*What is being asked*.
An exact transcription of all the data is required, with every image removed.

*Extracted records*.
---

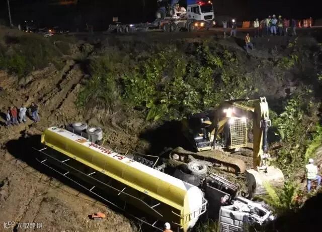 来到现场,眼前的景象让大家倒吸一口冷气,一辆装载1.1万升柴油的油罐车侧翻在15米深的山坳里。
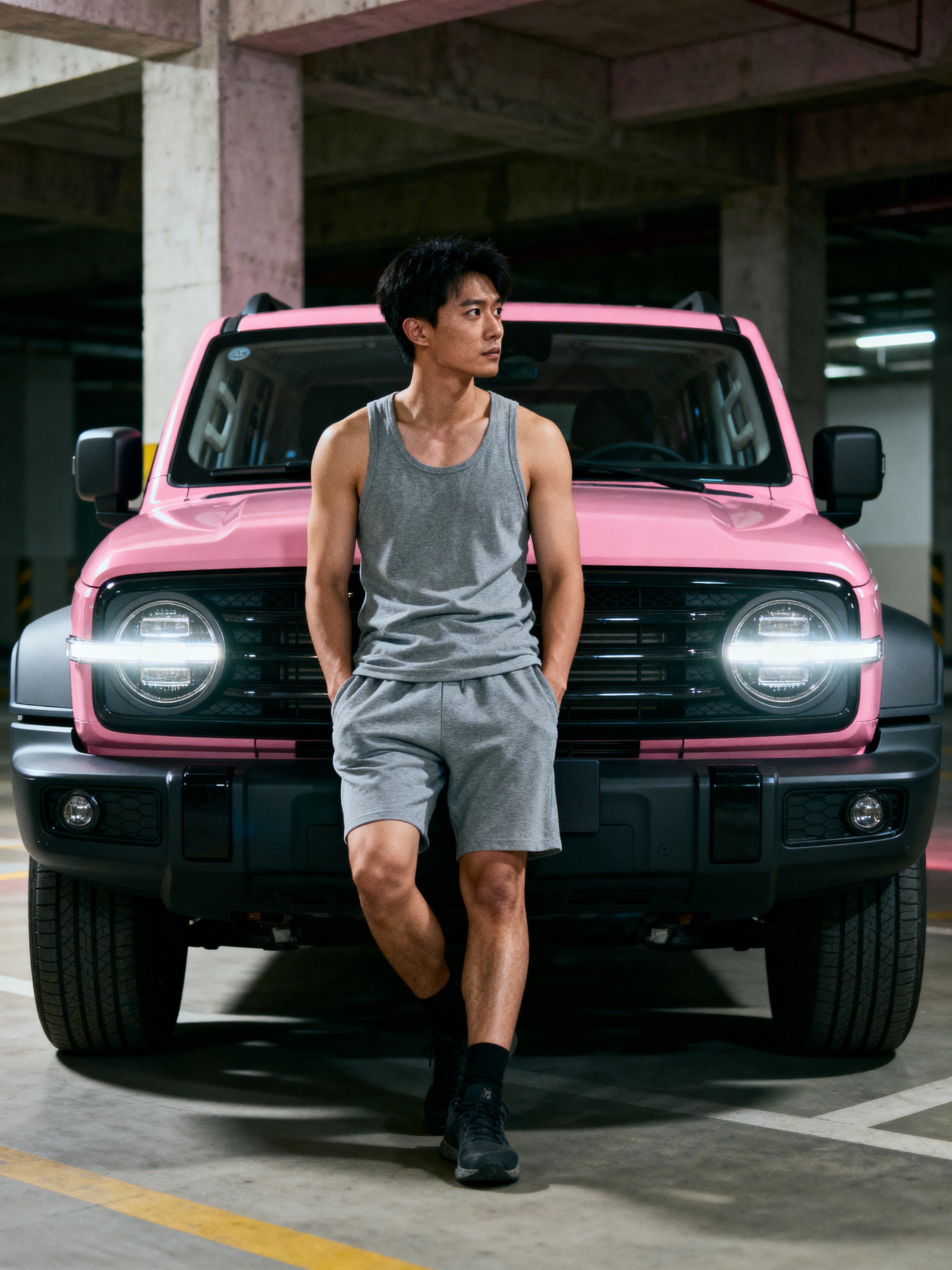 full body photo of model wearing a gray tank top and matching shorts, leaning against a pink suv. the model looks to the right. the vehicle features a modern, boxy design with a prominent front grille and round headlights. the setting is an indoor parking area with concrete columns visible in the background.
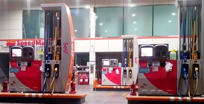 이미지 확대보기J주유소에서 2.5㎞ 떨어진 SK셀프 A주유소에는 24시간 직원이 상주한다. 왼쪽 주유기 중간 오른쪽에 모자를 쓴 직원이 보인다.
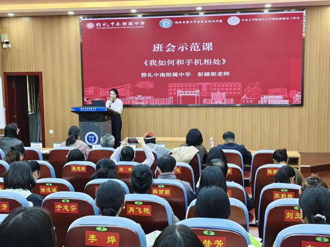 新湖南客户端讯(通讯员:卢燕玲)手机管理如何“疏”而不“堵”?怎样让班会课真正走进学生心里?4月15日下午,一场以“聚焦主题班会 搭建沟通桥梁”为主题的德育研修活动在雅礼中南附属中学举行。在中南大学附属学校管理中心指导下,在湖南省徐卫平名班主任工作室、中南大学附属中小学蒋娟新德育名师工作室的引领下,各校中小学的德育骨干齐聚一堂,直击当下学生“沉溺手机”“假努力”等教育痛点,探索班会课的新形态与新路径。
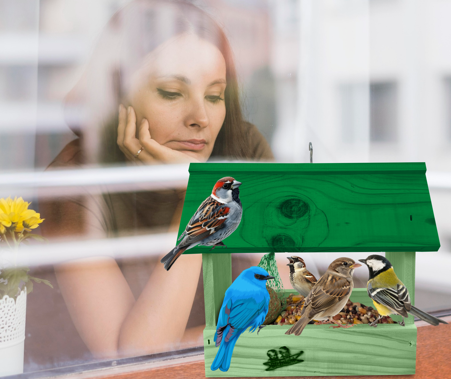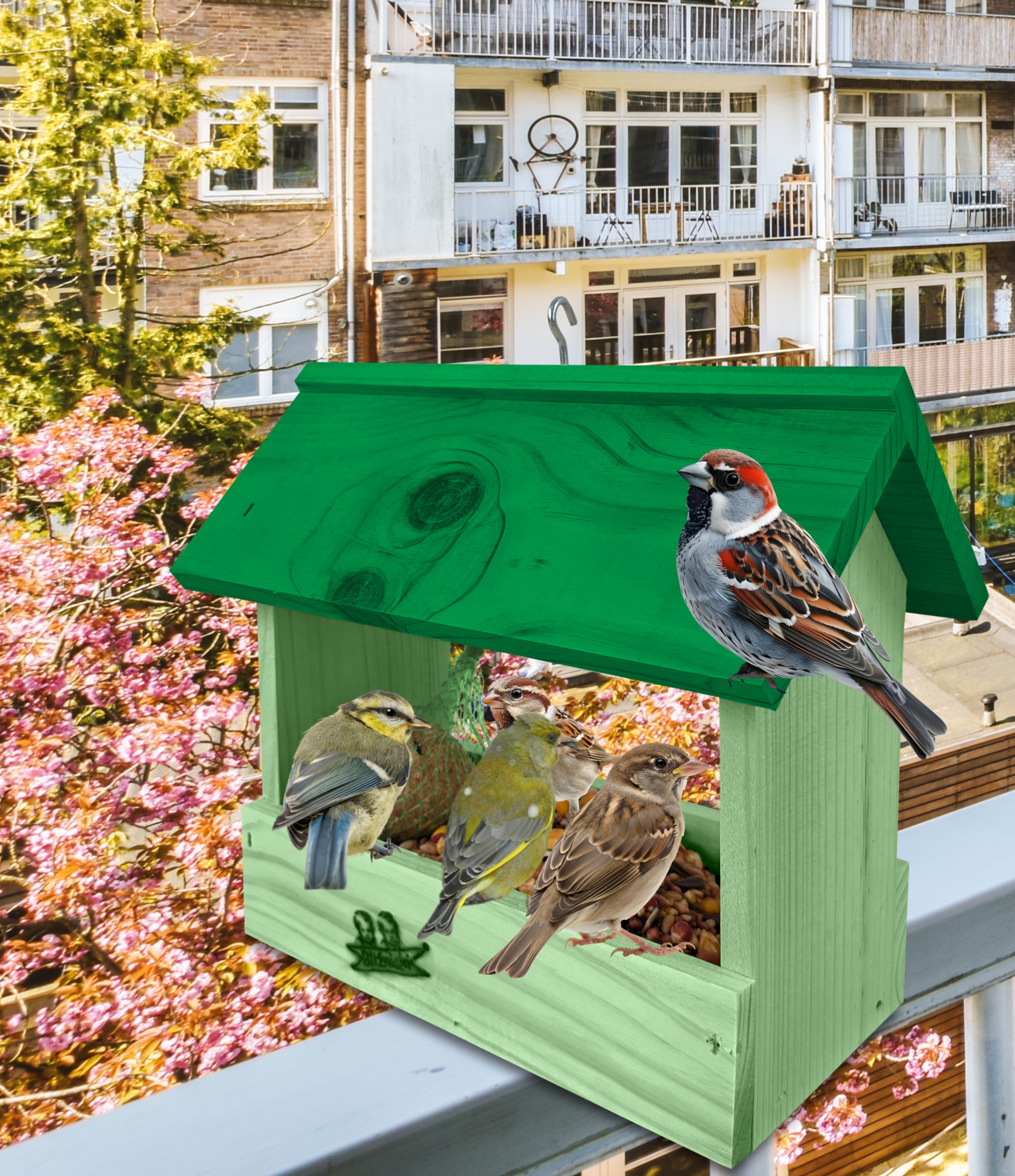 Przedmiotem sprzedaży jest ozdobny drewniany karmnik dla ptaków budka domek na balkon K204 ZZP K kolor jasna zieleń z ciemnozielonym dachem
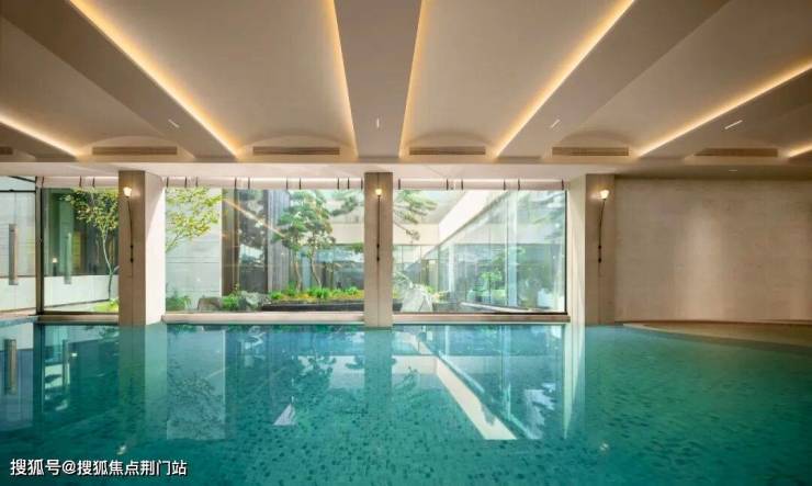 泳池外,6米高飞瀑倾泻而下,仿佛在自然山水间自在徜徉;一线品牌施菲特器械、百万级打造的健身房,让运动与窗外的泰山松水瀑景致相伴;还有峯域会客厅的全景落地窗,将下沉式庭院的绿意引入室内,搭配回形海派艺术酒廊,无论是咖啡阅读、商务洽谈,或是临时办公,皆有诗意。
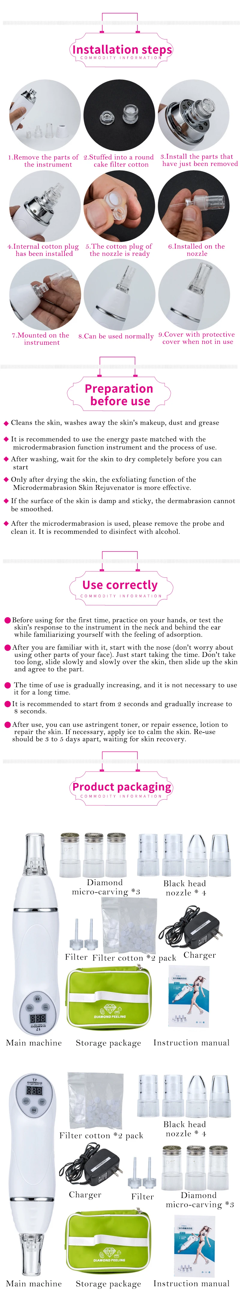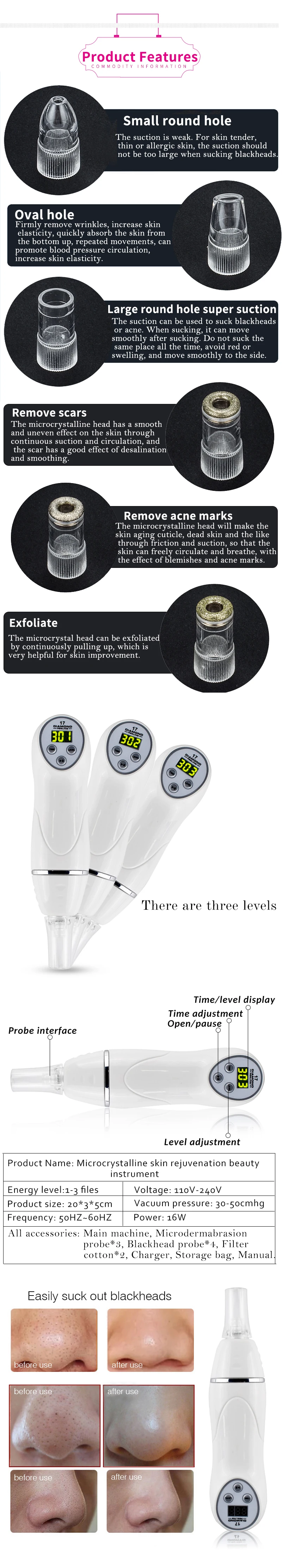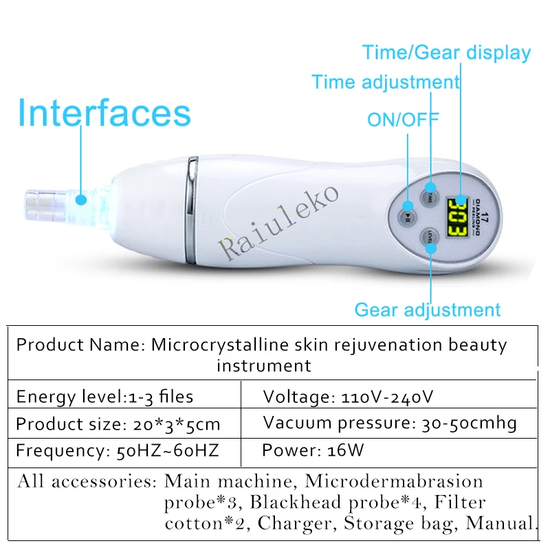 2.3 graus diferentes de espessura de cabeças de de dermoabrasão e 3 cabeças de tratamento a vácuo de tamanhos diferentes.

---

*Written solution*.
 来到现场,眼前的景象让大家倒吸一口冷气,一辆装载1.1万升柴油的油罐车侧翻在15米深的山坳里。
 full body photo of model wearing a gray tank top and matching shorts, leaning against a pink suv. the model looks to the right. the vehicle features a modern, boxy design with a prominent front grille and round headlights. the setting is an indoor parking area with concrete columns visible in the background.
 이미지 확대보기J주유소에서 2.5㎞ 떨어진 SK셀프 A주유소에는 24시간 직원이 상주한다. 왼쪽 주유기 중간 오른쪽에 모자를 쓴 직원이 보인다.
 新湖南客户端讯(通讯员:卢燕玲)手机管理如何“疏”而不“堵”?怎样让班会课真正走进学生心里?4月15日下午,一场以“聚焦主题班会 搭建沟通桥梁”为主题的德育研修活动在雅礼中南附属中学举行。在中南大学附属学校管理中心指导下,在湖南省徐卫平名班主任工作室、中南大学附属中小学蒋娟新德育名师工作室的引领下,各校中小学的德育骨干齐聚一堂,直击当下学生“沉溺手机”“假努力”等教育痛点,探索班会课的新形态与新路径。
 Przedmiotem sprzedaży jest ozdobny drewniany karmnik dla ptaków budka domek na balkon K204 ZZP K kolor jasna zieleń z ciemnozielonym dachem
 泳池外,6米高飞瀑倾泻而下,仿佛在自然山水间自在徜徉;一线品牌施菲特器械、百万级打造的健身房,让运动与窗外的泰山松水瀑景致相伴;还有峯域会客厅的全景落地窗,将下沉式庭院的绿意引入室内,搭配回形海派艺术酒廊,无论是咖啡阅读、商务洽谈,或是临时办公,皆有诗意。
 2.3 graus diferentes de espessura de cabeças de de dermoabrasão e 3 cabeças de tratamento a vácuo de tamanhos diferentes.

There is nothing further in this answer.